## EXERCISE INSTRUCTIONS
Would you reproduce exactly the lines below from the one holding "허벅지 사이에 탄력 밴드를" through the one holding "地理位置优越:位于杭州城北C", inclusive, and no others?

____ DATA FOR ANALYSIS

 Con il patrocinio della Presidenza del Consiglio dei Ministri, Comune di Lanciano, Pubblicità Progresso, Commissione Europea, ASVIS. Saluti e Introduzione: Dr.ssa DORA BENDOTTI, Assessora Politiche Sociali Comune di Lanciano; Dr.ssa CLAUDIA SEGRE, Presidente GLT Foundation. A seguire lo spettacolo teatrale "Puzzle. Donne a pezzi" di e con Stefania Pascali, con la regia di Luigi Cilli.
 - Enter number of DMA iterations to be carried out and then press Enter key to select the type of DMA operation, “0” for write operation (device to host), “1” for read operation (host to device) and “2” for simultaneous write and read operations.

________
____ DATA FOR ANALYSIS

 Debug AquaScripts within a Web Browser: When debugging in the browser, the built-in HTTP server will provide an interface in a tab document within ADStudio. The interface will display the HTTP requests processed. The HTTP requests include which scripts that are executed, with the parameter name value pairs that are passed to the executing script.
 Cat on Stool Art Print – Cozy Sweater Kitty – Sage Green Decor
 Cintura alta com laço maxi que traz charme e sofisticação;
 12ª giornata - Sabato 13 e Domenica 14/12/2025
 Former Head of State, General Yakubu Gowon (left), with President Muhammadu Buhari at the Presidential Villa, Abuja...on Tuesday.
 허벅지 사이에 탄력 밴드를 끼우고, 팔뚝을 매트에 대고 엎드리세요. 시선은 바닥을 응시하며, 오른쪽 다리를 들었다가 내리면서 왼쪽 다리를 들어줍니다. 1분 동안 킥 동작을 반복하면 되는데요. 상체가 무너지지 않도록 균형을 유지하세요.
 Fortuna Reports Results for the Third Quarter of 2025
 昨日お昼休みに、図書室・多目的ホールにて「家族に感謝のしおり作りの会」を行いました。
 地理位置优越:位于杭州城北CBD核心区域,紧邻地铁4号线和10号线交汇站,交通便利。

________

## FINAL ANSWER
 허벅지 사이에 탄력 밴드를 끼우고, 팔뚝을 매트에 대고 엎드리세요. 시선은 바닥을 응시하며, 오른쪽 다리를 들었다가 내리면서 왼쪽 다리를 들어줍니다. 1분 동안 킥 동작을 반복하면 되는데요. 상체가 무너지지 않도록 균형을 유지하세요.
 Fortuna Reports Results for the Third Quarter of 2025
 昨日お昼休みに、図書室・多目的ホールにて「家族に感謝のしおり作りの会」を行いました。
 地理位置优越:位于杭州城北CBD核心区域,紧邻地铁4号线和10号线交汇站,交通便利。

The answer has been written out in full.